= 1997 Colombo World Trade Centre bombing =

LTTE attack

The Colombo World Trade Centre Bombing was a terrorist attack which occurred on 15 October 1997 and was carried out by the LTTE during the separatist civil war in Sri Lanka between the government and the Tamil Tigers.

==Attack==
Shortly before 7:00 am on 15 October 1997 a group of up to six fighters from the LTTE’s Black Tigers drove a truck laden with approximately 350 kg explosives into the car park of the Galadari Hotel, a five-star luxury hotel, located in the heart of Colombo’s business and government district, where they shot and killed four unarmed security guards. They then detonated the explosives by firing an RPG at the truck.

After the explosion, the terrorists, armed with assault rifles fired at the Sambuddhaloka Viharaya. The Chief Incumbent, Ven. Vitharadeniye Chandrajothi Nayake Thera, who had walked to the entrance to see what was going on was hit on the leg by gunfire. Later the fleeing guerrillas hurled a grenade killing him on the spot.

By then, the Army's QRT (Quick Reaction Team) - a specialized group trained for emergency deployment using trailer motor cycles - rushed to the scene. A soldier sitting on the pillion back to back with the rider opened fire. One of the fleeing guerrillas fell dead on the rail track close to the Secretariat Train Halt. Meanwhile four guerrillas crossed the rail line and entered Lake House through the rear production area.

==Hostage Situation in Lake house==
The terrorists seized the ground floor area and held some 20 employees hostage.
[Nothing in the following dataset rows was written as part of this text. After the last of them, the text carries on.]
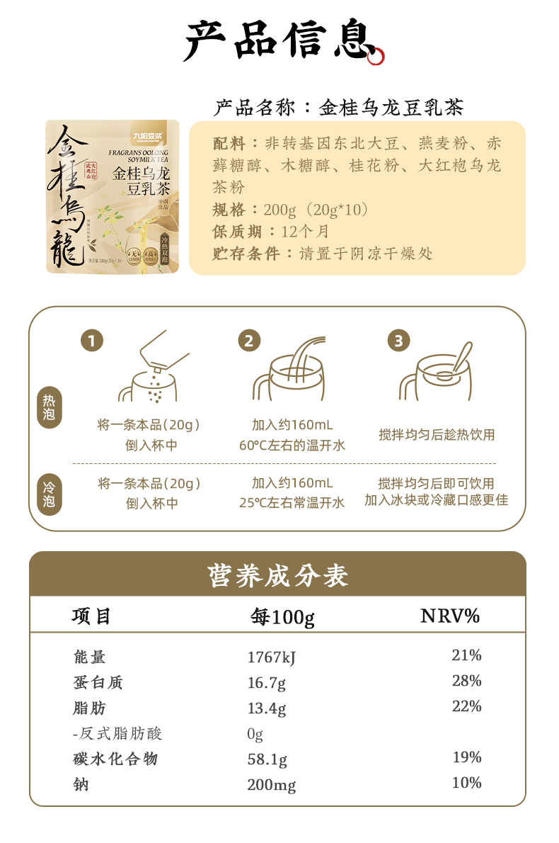 【金桂乌龙】九阳豆浆茉莉龙井金桂乌龙豆乳茶奶茶0糖添加下午茶早餐桂花
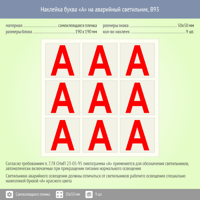 Наклейка буква «А» на аварийный светильник, B93 (пленка, 50х50 мм, блок 9 штук, 190х190 мм) в Ожерелье купить
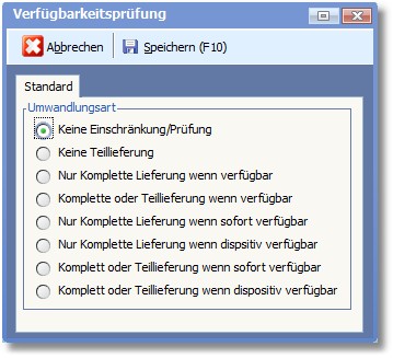 Legen Sie hier fest, wie mit dem Beleg bei Wandlung verfahren werden soll. Aktivieren Sie dazu den entsprechenden Radiobutton und speichern Sie Ihre Eingabe mit [F10].
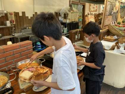目移りするほどの、沢山の種類の食べ物で、大満足な様子です。
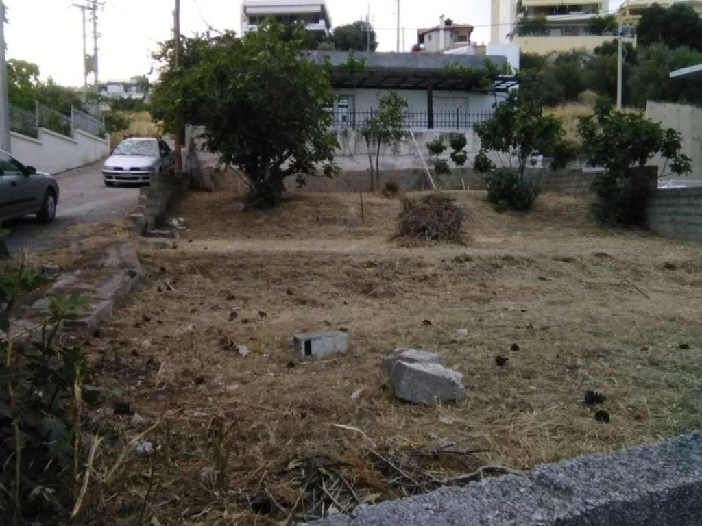 This is a 225.72 sq.m. plot of land located on a central road with OASA public transportation access. It is fenced with concrete blocks and has an existing EYDAP water meter. The property falls within the General Building Regulations (GOK). There are two olive trees at the corners of the southern side, as well as a fig tree.

At one point, the guerrillas wanted water and asked one of the hostages. He pointed to a nearby toilet. As they went for water, one of the hostages escaped. He gave a description of what was going on inside and how the others were being kept hostage to the Army who already cordoned off Lake House.
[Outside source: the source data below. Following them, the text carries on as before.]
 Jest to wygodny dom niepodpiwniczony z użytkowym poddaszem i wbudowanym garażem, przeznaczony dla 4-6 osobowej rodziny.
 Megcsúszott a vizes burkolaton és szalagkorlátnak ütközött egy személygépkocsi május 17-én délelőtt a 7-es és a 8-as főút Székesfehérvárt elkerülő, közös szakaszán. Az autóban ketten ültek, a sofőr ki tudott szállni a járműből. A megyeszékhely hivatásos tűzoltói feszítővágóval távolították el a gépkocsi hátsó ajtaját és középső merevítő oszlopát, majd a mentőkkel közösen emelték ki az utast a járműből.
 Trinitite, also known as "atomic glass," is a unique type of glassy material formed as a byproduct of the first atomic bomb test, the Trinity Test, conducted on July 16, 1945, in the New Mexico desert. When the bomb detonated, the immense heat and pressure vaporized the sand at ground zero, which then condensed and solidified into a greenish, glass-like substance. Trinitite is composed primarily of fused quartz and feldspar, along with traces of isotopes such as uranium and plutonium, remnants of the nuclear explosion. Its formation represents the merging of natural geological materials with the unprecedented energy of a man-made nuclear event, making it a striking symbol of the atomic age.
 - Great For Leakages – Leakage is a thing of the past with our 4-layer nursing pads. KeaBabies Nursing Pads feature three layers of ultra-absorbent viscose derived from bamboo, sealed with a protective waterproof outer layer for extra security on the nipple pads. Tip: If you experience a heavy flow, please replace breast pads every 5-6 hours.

Army commander Lt. Gen. Daluwatte decided to launch a rescue operation immediately. Air force airlifted the Anti hijacking & hostage release group of Sri Lanka Army Commandos under Capt. Chinthaka Dissanayake who are positioned in the Bandaranaike International Airport. While they are arriving, Colombo based 112 Brigade who already outside Lake House managed to rescue 20 hostages by killing one terrorist.

As Commandos arrived to location, 20 Specialized Commandos entered the building. Behind them were a group of soldiers from the 17th battalion of the Sri Lanka National Guard. The attempt was halted when terrorist detonated an explosive laden suicide jacket. One soldier injured and another died on the spot.

Soon after Commandos again stormed the building after exploding grenades. One terrorist detonated his suicide jacket and Commandos spotted the remaining terrorist trying to detonate explosives in his suicide jacket and shot him dead.

==Aftermath==

The Galadari Hotel car park is located adjacent to the western tower of the Colombo World Trade Centre, two 39-storey office towers that housed the Colombo Stock Exchange and the Information Ministry at the time. Since the Colombo World Trade Centre was inaugurated a few days before, it was suspected to be the main target of the LTTE. Damage to the hotel and nearby buildings, including the Hilton Hotel and the World Trade Centre, was heavy but not structurally catastrophic. The bomb crater was 6.1 m wide and 3.7 m deep. The blast destroyed 30 cars in the Galadari parking lot and shattered all the hotel’s windows as well as the windows on all the nearby buildings.

The attack killed fifteen people, including an Assistant Superintendent of Police in the Criminal Investigations Department, Nissanka Dharmaratne, a police constable, an Army Commando and the Viharadhipathi (Chief Priest) of the Sambuddhaloka Vihara, Ven. Vitharandeniye Thera. There were 105 were wounded including 31 tourists of which seven were US citizens.

The government set aside a $25 million assistance package for all buildings damaged in the attack, with the Galadari Hotel reopening in January 1998 and the World Trade Center in June of the same year.